— Problem requirements —
Leaving out the pictures, write out exactly each line from the line with "Z0274 Gucci包包 PVC深棕牛皮邊銀釦前磁吸口袋斜背包 (瑞豐店)" through the close of the listing below.

— Exercise material —
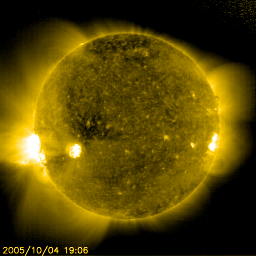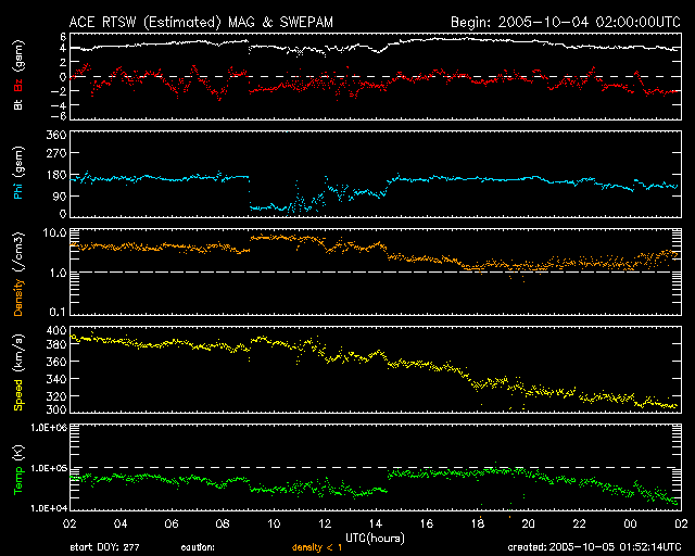 2005/10/ 5 10:56 更新 太陽風、磁気圏は静穏です。新しく813黒点群が出現しています。 担当 篠原 太陽面に新しい黒点群が出現しました。 中心からやや南東(左下)に数個の黒点が見えています。 813黒点群と番号が付けられたようです。 今のところ、フレア活動は見られていません。 今後どのような活動を見せるのでしょうか。 SOHO EIT284の写真では太陽の東の端(左端)がかなり明るくなり、X線のグラフも押し上げられています。 ここに上がって来る黒点群は、9月の上旬に激しいフレア活動を起こした808黒点群が周回してきたものです。 もはや、あの頃の勢いはありませんが、どのような姿を見せるでしょうか。 太陽風は更に速度を下げ続け、300km/秒にまで下がっています。 磁場強度は4nTとほとんど変化ありません。 -1〜-2nTの小さな南向きがちょこちょこ現れていますが、その振幅は小さなものです。 AE指数のグラフが停止していますので正確なところは分かりませんが、 太陽風の速度も遅いことから考えて、磁気圏はかなり静穏でしょう。 27日周期の図を見ると、前周期はちょうど808黒点群が大活躍をした時期で、太陽風が大きく乱れていました。 このため、今周期のデータとしてはあまり参考になりません。 ただ、その中で9月9日にセクターの切り替わりが発生しています。 これは太陽磁場の大きな構造と関係していますので、 この変化は今回も見られると思います(構造が大きく変わる事もありますが)。 明日、明後日の、6日から7日頃に発生するでしょう。 また、更に以前のデータを見ると、どうもこのセクター境界のところで、 急に太陽風磁場が強まる変化が発生する傾向があるようです。 今回はどの様になるでしょうか、明日以降の太陽風の変化に注目してください。 放射線帯の高エネルギー電子の密度増加は止まったようです。 GOES衛星のデータを見ると、ピークの値がやや下がっています。 警戒ラインに達する事はありませんでした。 SOHO衛星のEIT284カメラの映像 (c) SOHO (ESA & NASA)
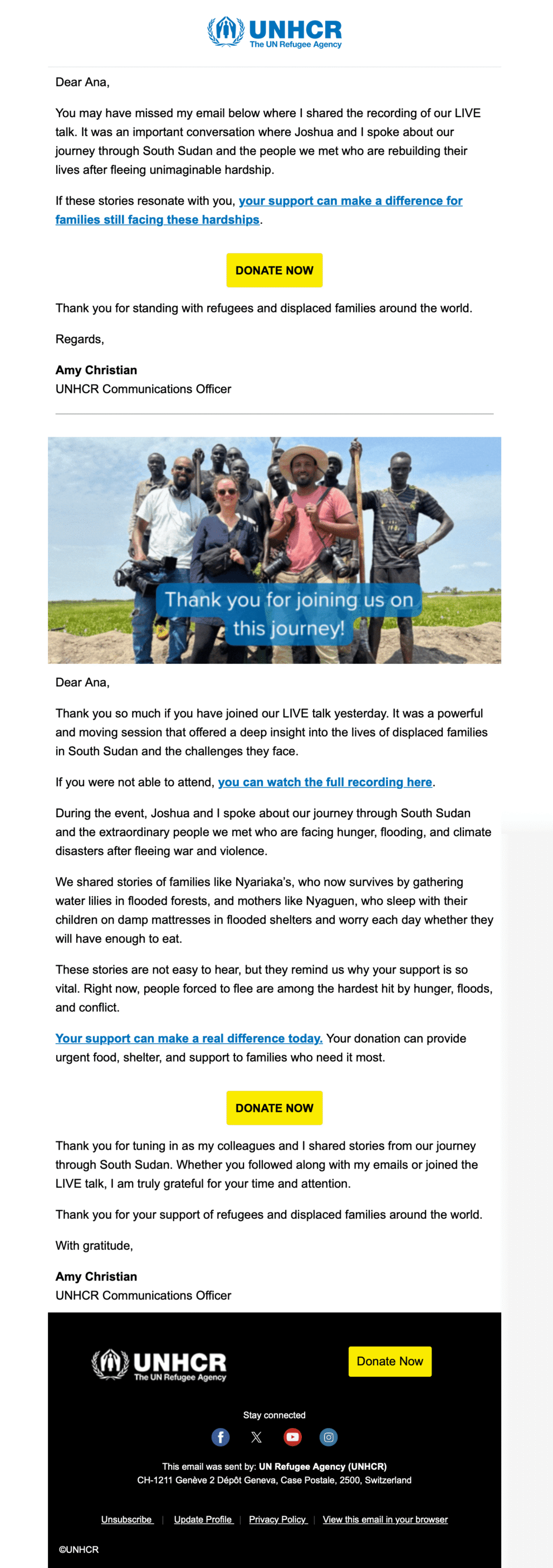 HomeAPPEALUNHCR: In case you missed it: Discover our Journey in South SudanAPPEALCULTIVATION UNHCR: In case you missed it: Discover our Journey in South Sudan 2 months ago Shares: Previous PostCARE Emergency Alert: Ana, it’s life or death in Gaza for everyoneNext PostUNICEF USA: Your July Newswire is here Related Posts CULTIVATION UNHCR: Afghan earthquake survivors are receiving help Donorli2 days ago APPEAL Americares: URGENT: Gaza City is being evacuated – your support is critical Donorli1 week ago ENGAGEMENT Save the Children: 🪄 The power of books Donorli2 weeks ago CULTIVATION charity: water: We track every donation. Now you can too Donorli3 weeks ago
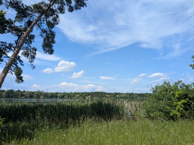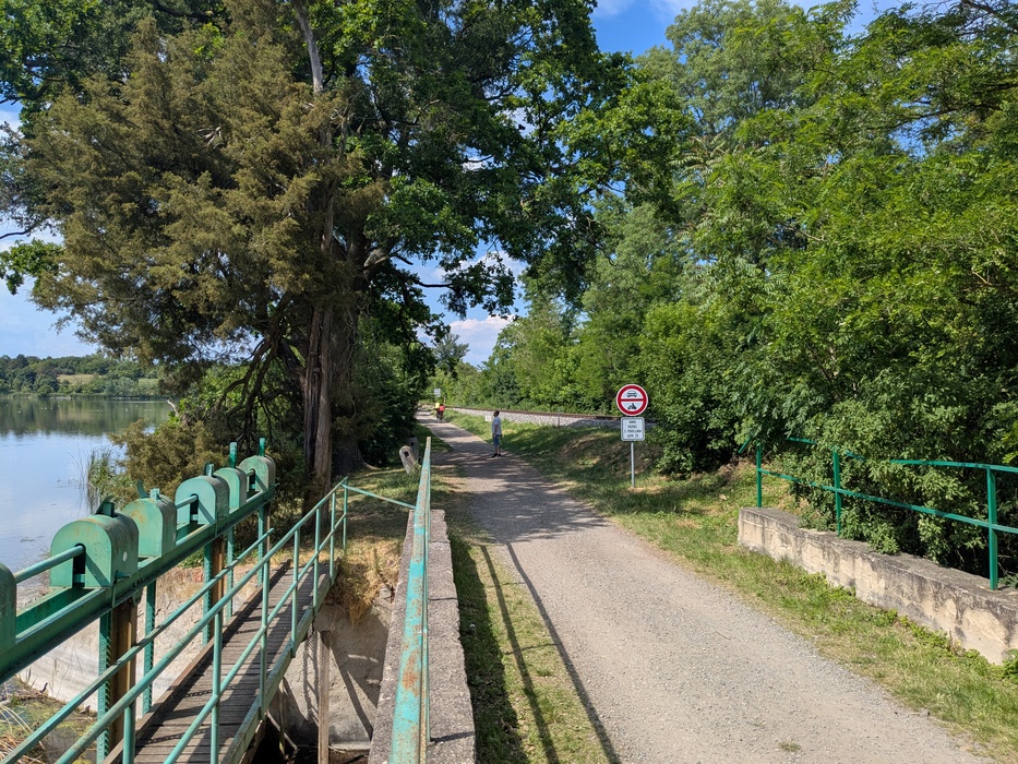 Celý rybník lze pohodlně po cestách nebo pěšinách pohodlně objet na kole. Na jižním břehu jeďte po lesní asfaltové silnici kolem Chrámu Tří Grácií.
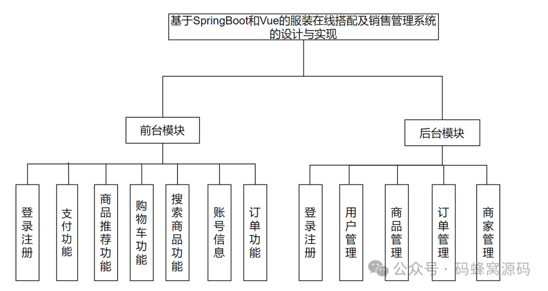 服装在线搭配及销售管理系统包括用户注册和登录、商家管理、商品管理、商品分类管理、在线下单、在线支付、订单管理、物流跟踪等模块。整个系统的功能模块设计如图 :
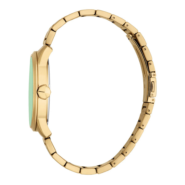 Reloj elaborado con un diseño refinado para el hombre moderno, esta elegante pieza pesa 116 g y combina una caja redonda de acero con oro amarillo con una esfera verde botella para un contraste llamativo pero refinado. Resistente al agua hasta 100 metros, soporta el uso diario y actividades acuáticas con confianza. El cristal es mineral, combinado con una corona de tipo pull & push para un ajuste sencillo. La correa de acero inoxidable ofrece durabilidad y una estética pulida, asegurada por un cierre desplegable con botón pulsador para un cierre cómodo y fiable. Masculino en presencia y refinado en detalle, este reloj equilibra forma y función con un atractivo atemporal, convirtiéndolo en un accesorio ideal tanto para entornos profesionales como de ocio.
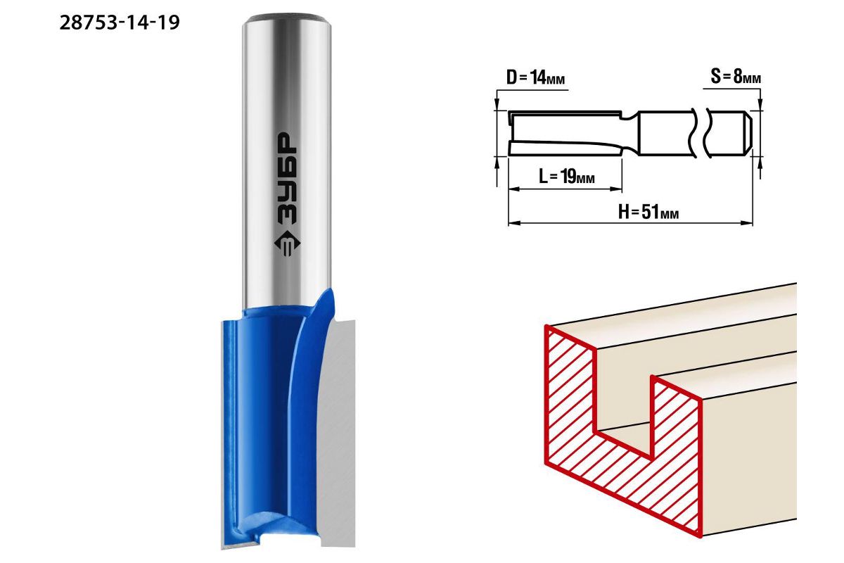 Фреза ЗУБР ''ПРОФЕССИОНАЛ'' 28753-14-19 пазовая прямая, d= 14мм раб.l-19мм хв.-8мм
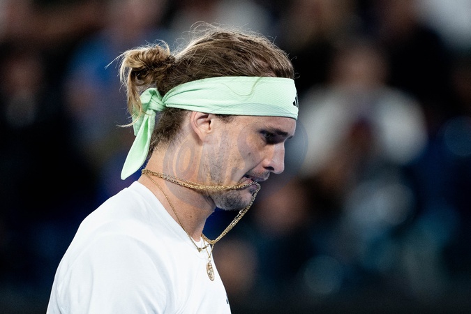 Alexander Zverev (GER) lors du quart de finale de l'Open d'Australie au Rod Laver Arena à Melbourne, Australie, le 25 janvier 2024. A. Zverev gagne 6-1, 6-3, 6-7 [2], 6-4. © Virginie Bouyer/Panoramic/Bestimage Quarterfinals singles match between Carlos Alcaraz of Spain and Alexander Zverev of Germany during the 2024 Australian Open at Melbourne Park on January 24, 2024 in Melbourne, Australia.
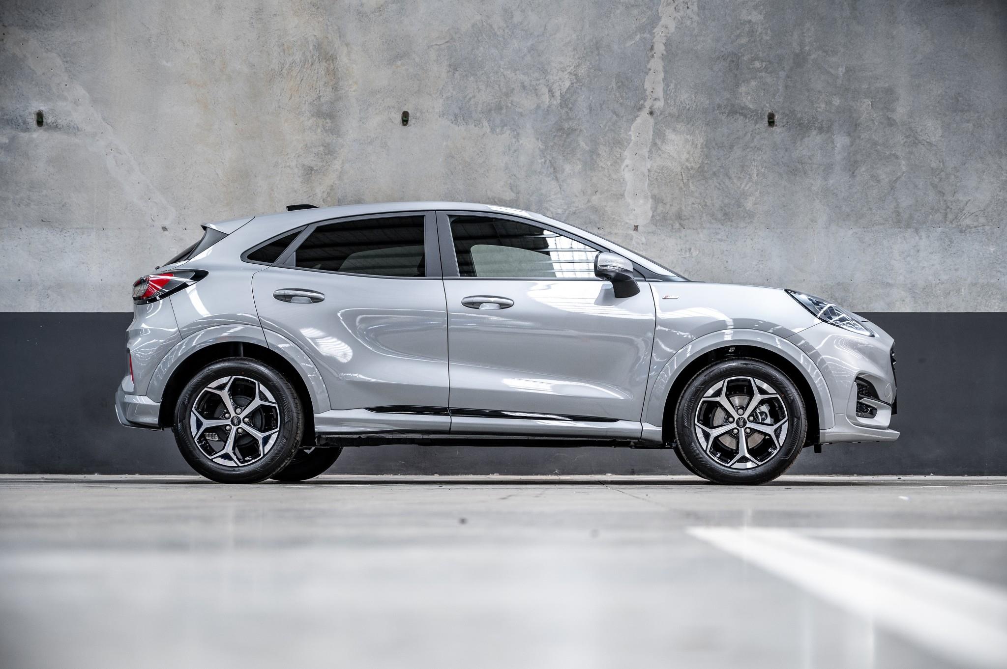 The ST-Line package gives the Puma a sharper, sportier look with standout styling, sleek alloy wheels, bold body detailing, and a refined interior with signature red stitching and ST-Line touches. It's compact enough for easy parking around town, while still offering impressive interior space and a practical boot.
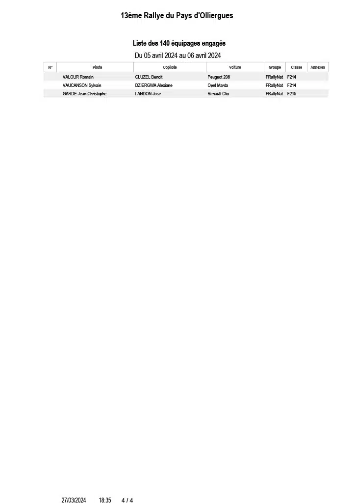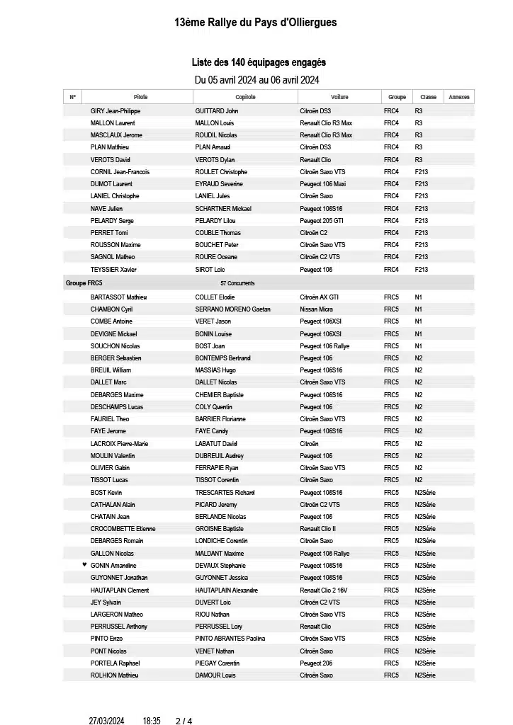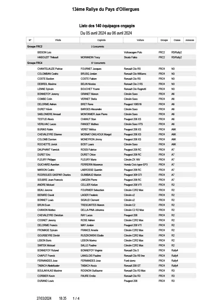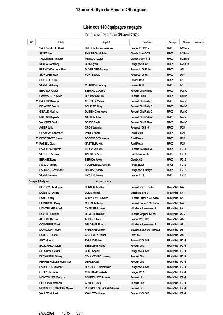 Pour sa 13 ème édition le Rallye régional Pays d’Olliergues sera organisé les 5 et 6 avril 2024 par l’ASA Livradois Forez avec au programme six spéciales.
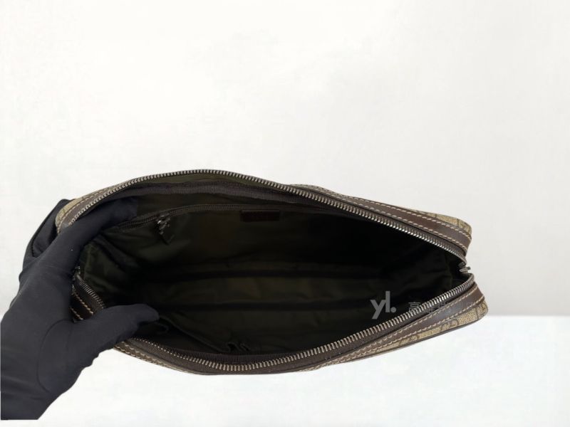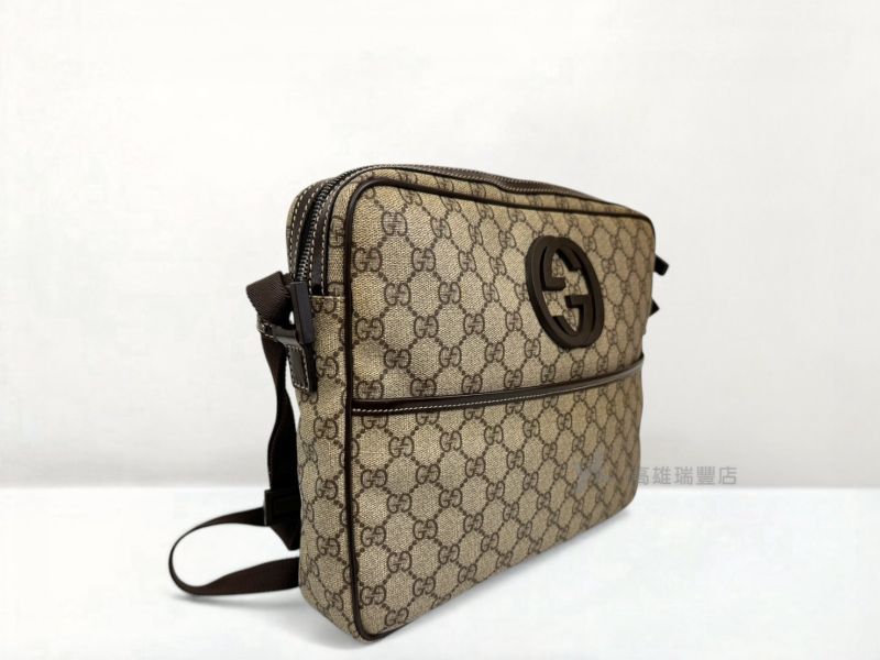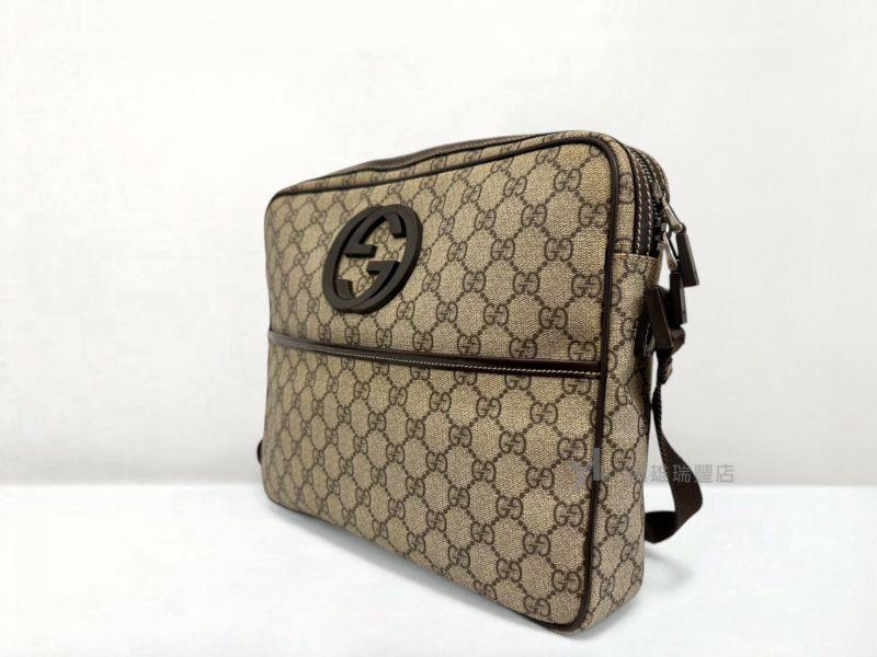 Z0274 Gucci包包 PVC深棕牛皮邊銀釦前磁吸口袋斜背包 (瑞豐店)
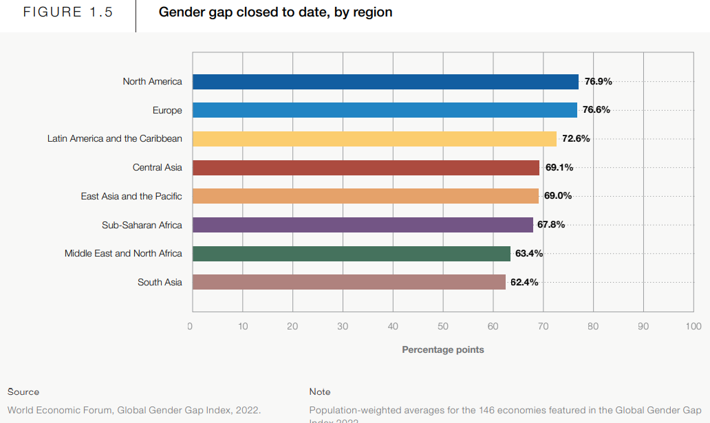 According to the 2022 Gender Gap Index, North America (76.9%),

— Response area —
 Z0274 Gucci包包 PVC深棕牛皮邊銀釦前磁吸口袋斜背包 (瑞豐店)
 According to the 2022 Gender Gap Index, North America (76.9%),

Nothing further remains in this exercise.